Imagine a scenario where someone has died and before the body is even cold, individuals move into the deceased’s house, sell off furniture and other items and basically take over.
This scenario happens all too often. At least, there are others who prematurely call the lawyer’s office to ask what they should do (the answer to which is “bury your relative and get a death certificate”).
Any person who behaves in this fashion without having been appointed by the will, or other testamentary document, or without having obtained letters of probate/administration from the Supreme Court, is designated as an “executor de son tort” (translated as an executor in his own wrong).
Section 15 of the Succession Act, Cap. 249 essentially codifies the common law and provides that “If any person to the defrauding of creditors or without full valuable consideration, obtains, receives or holds any part of the estate of a deceased person or effects the release of any debt or liability due to the estate of the deceased, he shall be charged as an executor in his own wrong to the extent of the estate received or coming into his own hands, or the debt or liability released after deducting (a) any debt…due to him from the deceased person…; and (b) any payment made by him which might properly be made by a personal representative.”
The guilt of the “executor de son tort” revolves around acts which, to the detriment of creditors of the estate, estate property is obtained or held or other debts and liabilities released. Such acts which give rise to the implication that a person is an “executor de son tort” include but are not limited to the demand for payment of a debt due to the deceased, payment of debts owed by the deceased, the collection of rent, carrying on of a business operated by the deceased and disposing of property owned by the deceased.
The liability of the “executor de son tort” is important, since any acts which would also lawfully have been carried out by a true executor, legally bind the estate even though there was no lawful authority for such acts.
Pursuant to section 16 of the Act, where the executor has converted property (whether real or personal) to his own use or has caused damage (waste) to any such property, his liability continues after his death and his estate is subject to appropriation to recoup any loss incurred as a result.
There is a line drawn as to what constitutes intermeddling and persons are not penalized for acts of charity and/or necessity. For example, the organising of the deceased’s funeral and appropriation of funds therefor are considered as acts of necessity and do not amount to intermeddling.

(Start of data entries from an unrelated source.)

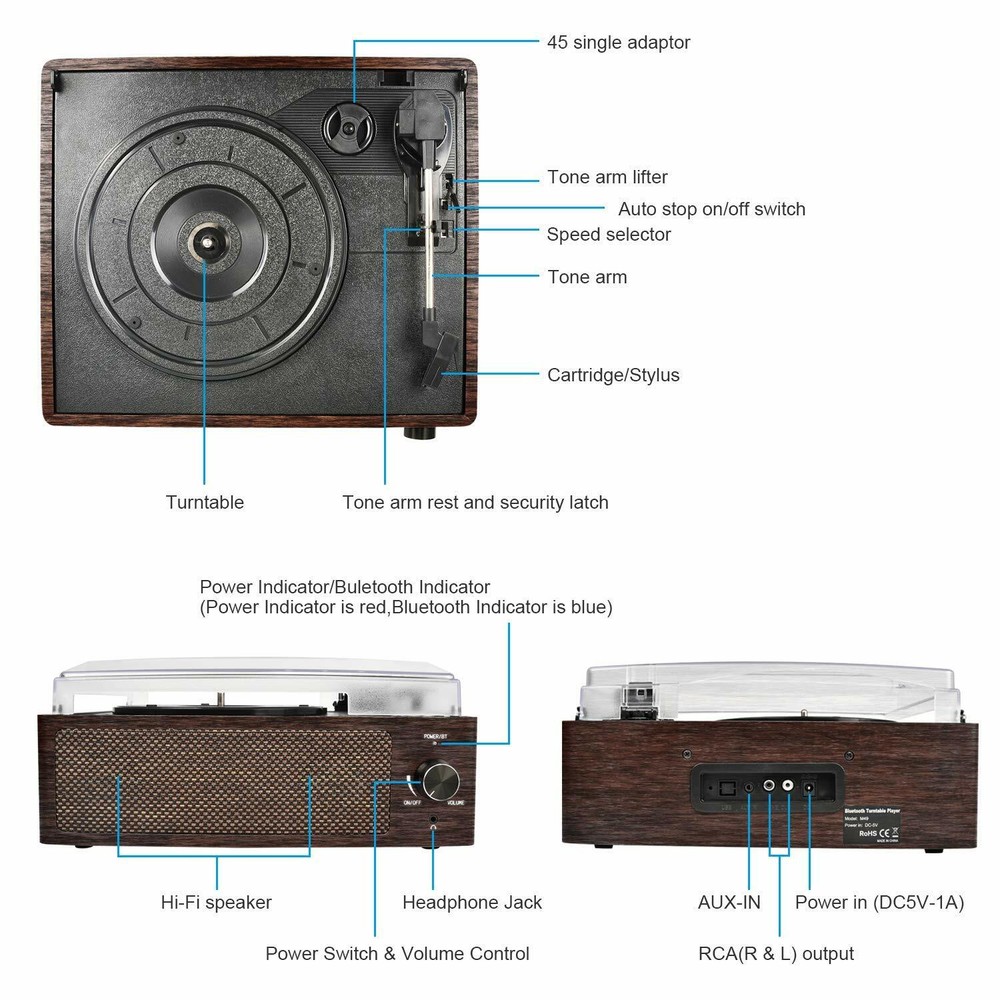 【All-in-one Record Player】Bluetooth Input & AUX Audio input & RCA line-out & Headphone jack. 2 Built in stereo speakers,with Bluetooth wireless technology,elegantly listen to the music from your smart phone.Use Aux cable input to directly play the music. Or enjoy your time with headphone. For better or louder sound, connect external speaker via RCA cable. 【Vinyl Turntable Record Player】Easy to use, simple setup and operation. Great ideal for vinyl lovers. Three-speed Turntable (33, 45, 78 RPM) plays all of your 7" 10" 12" vinyl records. 【Record Player Bluetooth with Speakers】 Built-in Bluetooth receiver & 2 stereo speakers,,you can listen to your favorite music from your Bluetooth compatible device like smartphone with ease. Just Bluetooth in connect and play! 【Portable Record Player】It creates a warm atmosphere when family gatherings. When you are alone, it can help you relax. Even if you don't use it, it can be one of the home's premium decorations. As a gift, it also allows the recipient to feel your heart. 【Retro Record Player】There is a removable cover on the top to protect vinyl and turntable plat. You can shut the cover shields and keep the dust out. And the beautiful textured exterior are a perfect fit for any environment. Great Gift of Choice & for Beginners The vinyl record play can not only play vinyls/albums but also play your favourite digital songs with extra functions like headphone listening, Aux-in and RCA-out connection, and Bluetooth input. Even if you don't use it, it can be one of the home's premium decorations. As a gift, it also allows the recipient to feel your heart. RCA Connection RCA-out connection: There is one RCA output cable included in package. It can hook up your external speaker via RCA cable to get louder sound. Bluetooth Input Connection Bluetooth Input: Wireless connection allows to stream your favourite digital songs from devices like smartphone, tablet, laptop through the turntable’s speakers. Aux Connection Aux-in connection : There is one Aux input cable included in package. Easily connect this turntable with your phone/ipad via Aux cable, it works as a powerful speaker. Solid & Warm Premium Sound Bulit-in 2 stereo speakers: It provides you with solid and warm sound experience. Decorated with high quality grid: It would better output the stereo sound. Auto-Stop Switch Auto-stop switch: If you need the record stop automatically when finshed, just switches it to "ON", no worry about scratch your record. Durable Ruby Stylus: it comes with built-in needle, easy to use, no worry about skipping. Removable Dust Cover : able to make your record keep clean and new. 45RPM adapter is included 3-Speed Vinyl Player for 3-Size 3-Speed Vinyl Player for 3-Size: It supports 33 1/3, 45, 78RPM with 7" 10" 12" sizes, And 45RPM adapter is included. Vintage vinyl record play_Great Gift of choice
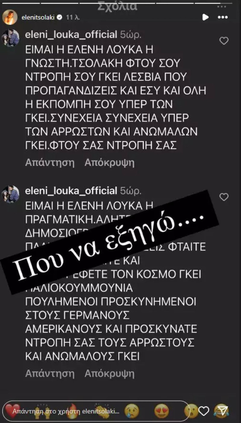 Τα σχόλια της Ελένης Λουκά συνεχίστηκαν με την παρουσιάστρια να μην απαντά δημοσίως. Λίγες ώρες αργότερα το βράδυ της Παρασκευής και η… Ελένη Τσολάκη κάνοντας story στο instagram τα σχόλια της Ελένης Λουκά αρκέστηκε στο να αναφέρει: «Πού να εξηγώ…»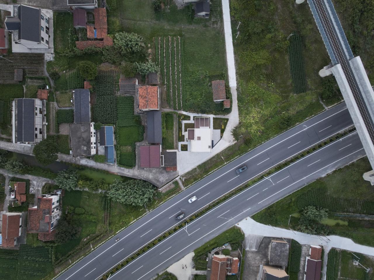 但我们依然在二层以上的空间里,预留了丰富的看与被看的关系。相对于一层的完全敞开,二层以上的互动则更加暧昧,通过一系列连续的通高彼此联系。“退休”之后的彭先生一家以炒股为主业,通高在空间图形上如同股票连续涨停的曲线,使新彭宅成为朋友们口中的“涨停之家”。“涨停”通高作为住宅风水的另类演绎,也会给这一家人带来更多的吉祥与好运。我们将这个住宅命名为Crossing House,就像它在鸟瞰图中所呈现的,一个位于交叉口的房子。回不去的乡村与无法告别的城市,我们正处在这样的交叉口,而这个房子的内部也是一个交叉口,通向两种全然不同的生活方式。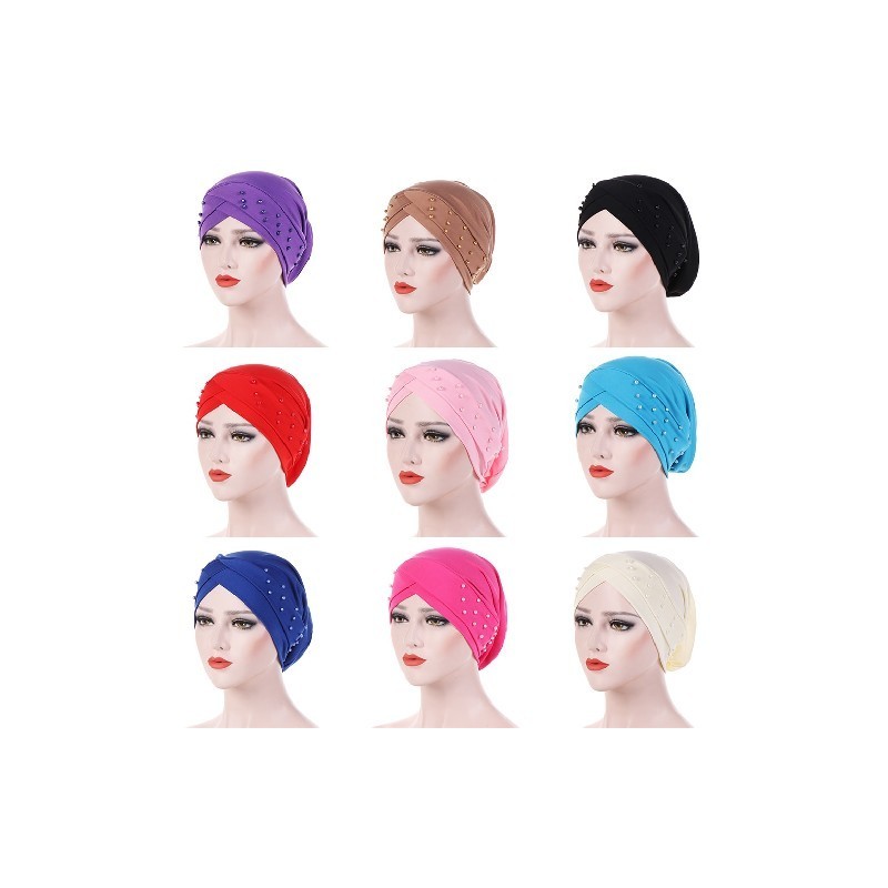 Divatos sztreccs pamut homlokkeresztes turbánsapka női bandana gyöngyökkel díszített fejfedő gyöngyházutánzattal, női indiai kalapsapka
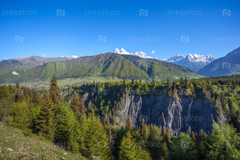 Горы Сванети, гора Ушба и город Местиа, Грузия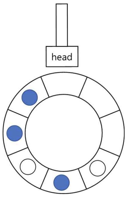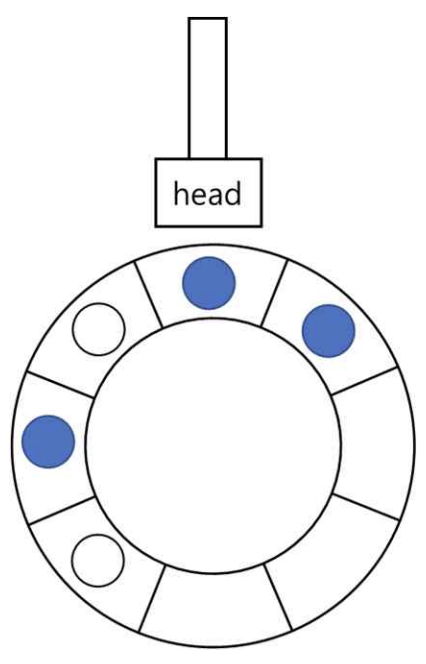 Tim has a machine for sorting balls, namely WEB machine. The WEB machine has a wheel with $n$ slots. Each slot may have a white ball (W), a blue ball (B), or it can be empty (E). Over a certain slot, the machine has a head to identify the status of the slot. The head can determine the color of the ball in the slot. It can also pick the ball in the slot or drop the ball into the slot. The head, however, can hold at most one ball at a time. The WEB machine can rotate the wheel of slots clockwise or counterclockwise. Fig. 1 shows an example of WEB machine.

In any event, funeral expenses are prioritized for payment as a debt of the estate as per the First Schedule to the Act. Similarly, safeguarding or preserving the goods of the deceased and providing for livestock and doctor’s fees, do not attract any attendant liability.

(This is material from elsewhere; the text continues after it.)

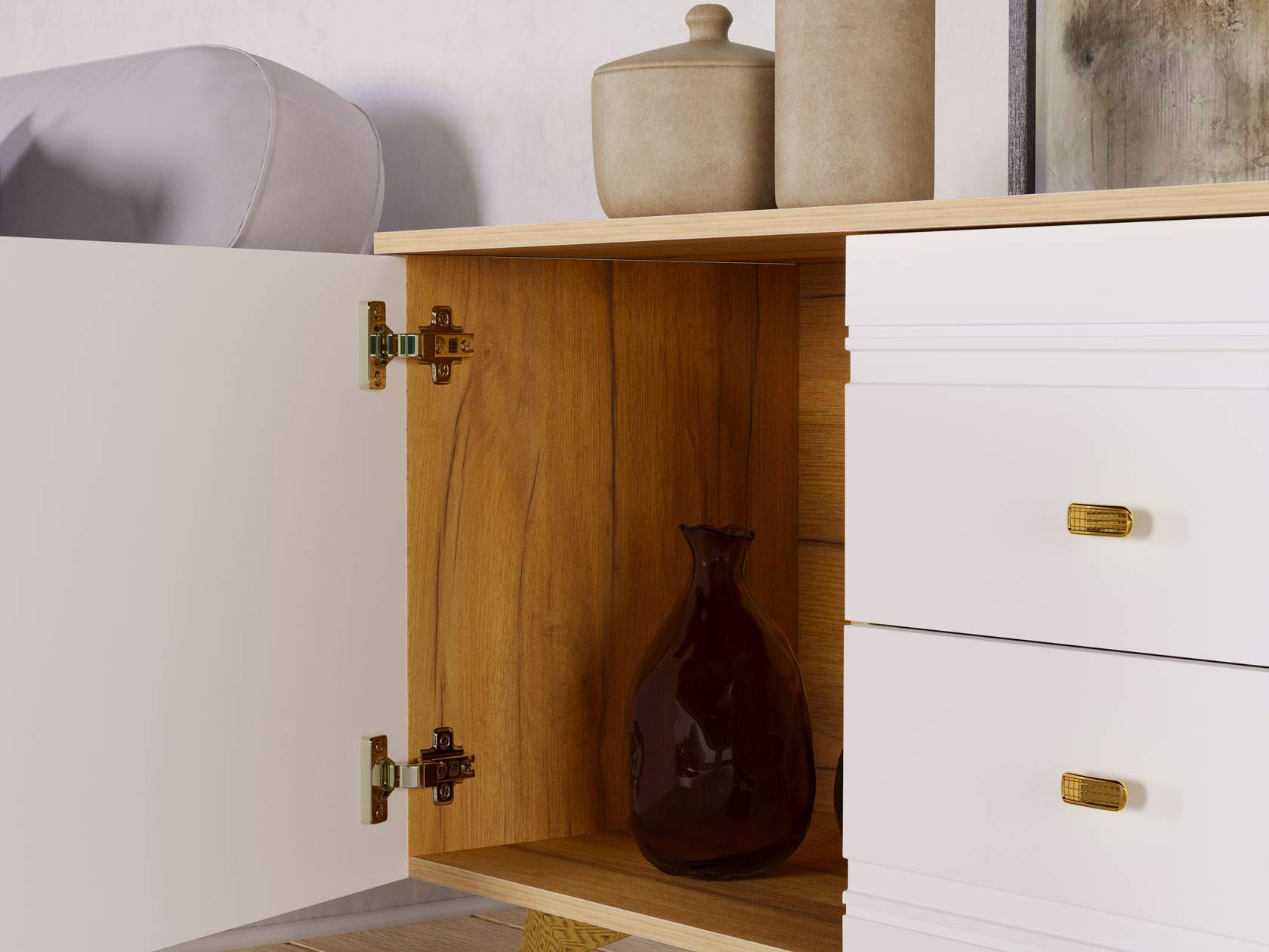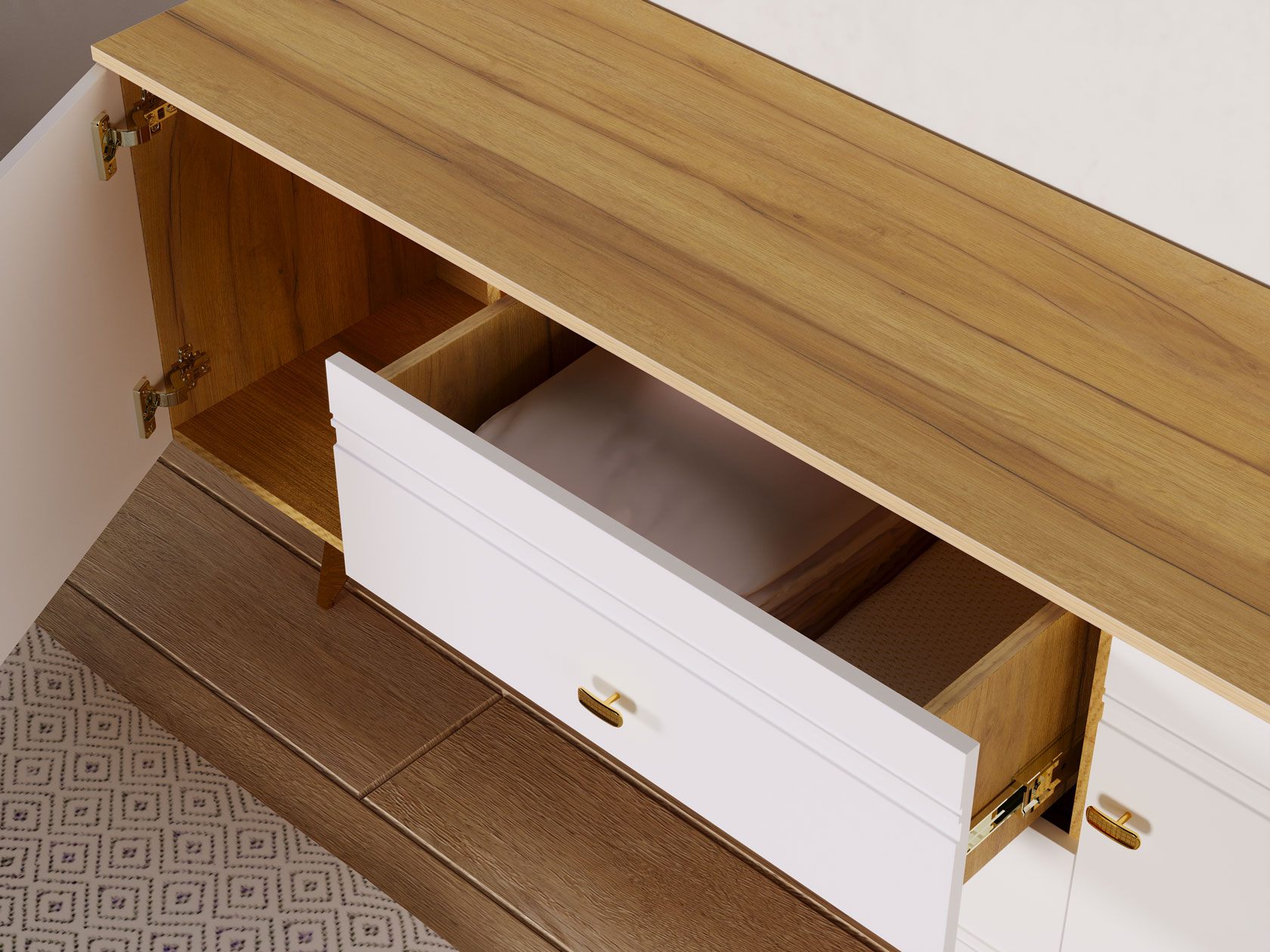 Дуб золотистый / Белый глянец. 150 см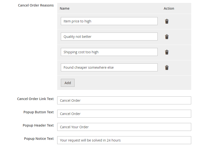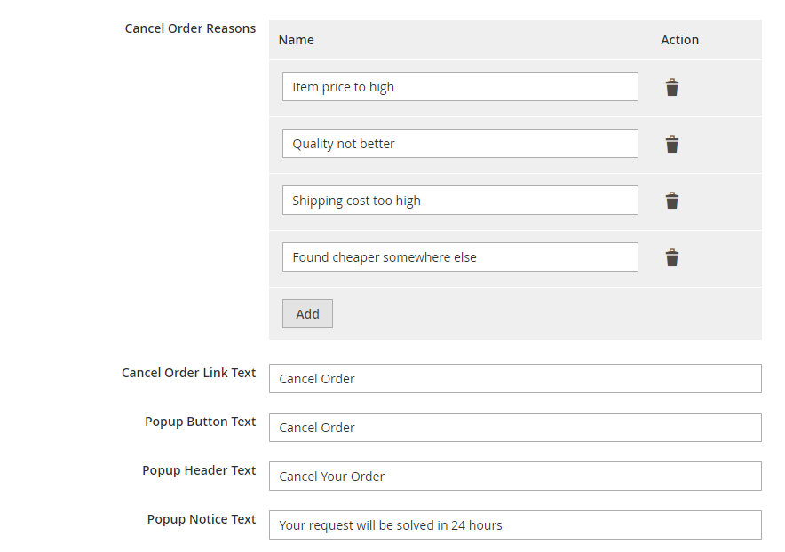 - By using Cancel Order action a customer can easily cancel their order by themselves.

An “executor de son tort” may be sued in the civil courts by the rightful personal representative of the estate, any creditor or beneficiary. In relation to an action brought by the lawful personal representative, it is open to the “executor de son tort” to set up as a defence to any claim for damages all payments made by him in the course of administering the estate
For example, where an action is brought by a creditor, it is a defence to such an action that the estate has been fully administered or that the assets have all been handed over to the lawful personal representative (and not any other individual).